Dans ce travail, il n’y a pas de place pour la peur, l’excitation, ni tout autre sentiment parasite. Seules subsistent la concentration, la précision des gestes, la détermination. C’est un métier parfait. Il ne peut y avoir d’erreur. Ou plutôt : il suffit d’une pour vous mettre au chômage. Définitivement.
J’ai trente-quatre ans, dix missions à mon actif, mais aujourd’hui, allongée sur le ventre dans la poussière de cette mansarde, les yeux fixés sur la ruelle par l’entrebâillement des persiennes, je sais qu’il n’y aura pas d’autres occasions. La pression des genoux de l’inconnu sur mes reins me dissuade de faire un seul geste. À la base de mon crâne, il y a la mort. C’est dur, métallique et le calibre importe peu. Un petit déplacement du doigt de mon agresseur suffira pour que ma cervelle et mon sang éclaboussent le sol. Serai-je consciente de cette fraction de seconde au cours de laquelle je mourrai ? Cette question purement rhétorique est dominée par une autre, d’ordre plus pratique :
Pourquoi suis-je encore en vie ?
« Vous connaissez aussi bien que moi la liste des maladies génétiquement transmissibles, poursuivit le directeur.
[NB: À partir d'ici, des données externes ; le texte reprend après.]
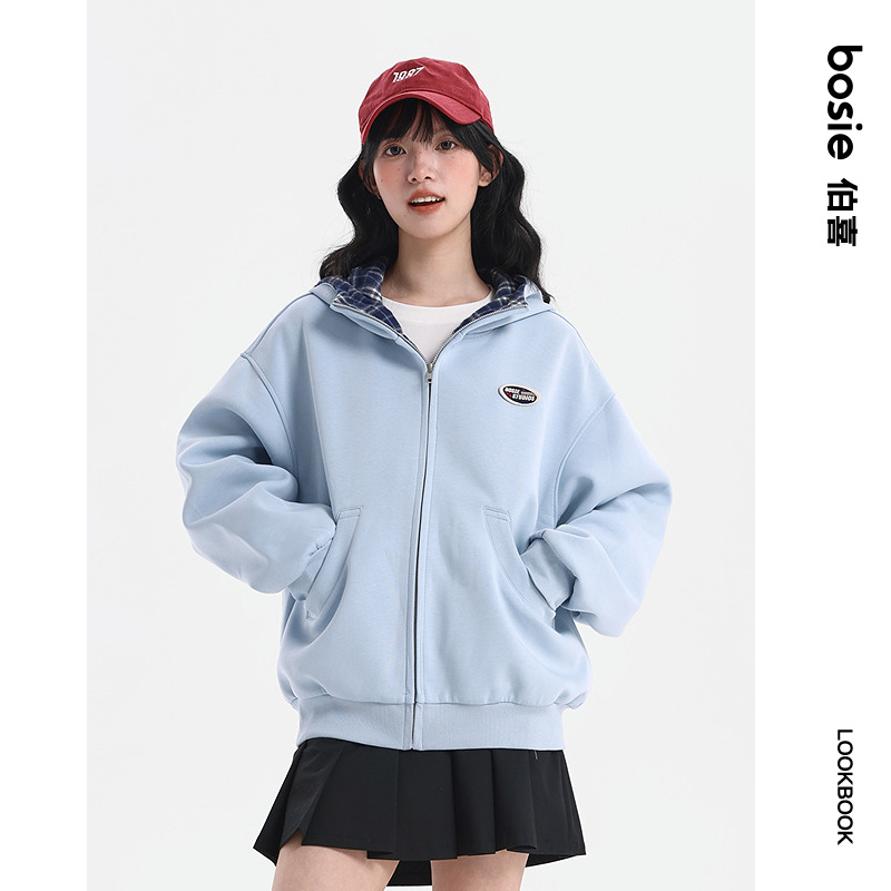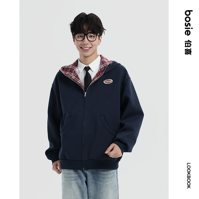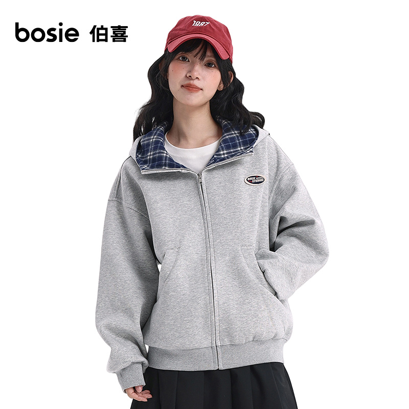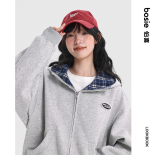休闲宽松百搭潮 开襟卫衣男情侣撞色帽衫 bosie伯喜2025年秋季 新款

La description de certains symptômes, même avec le vocabulaire des époques étudiées, a permis au département d’approfondir nos connaissances en remontant plus loin que les débuts de la génétique. »
Jonsked rabattit sur son crâne chauve l’unique mèche qui lui restait, et qu’il mettait un point d’honneur à ne pas couper. Puis se pencha vers le menton de Vergaï.
« Mais de ce fait, le DAS a mis en évidence de façon collatérale, un aspect auquel nous n’avions pas pensé. Savez-vous pourquoi nos ancêtres avaient tort ? »
Vergaï fronça les sourcils. Elle connaissait trop bien les méthodes de Jonsked, et avait une envie furieuse d’interrompre ses explications fumeuses.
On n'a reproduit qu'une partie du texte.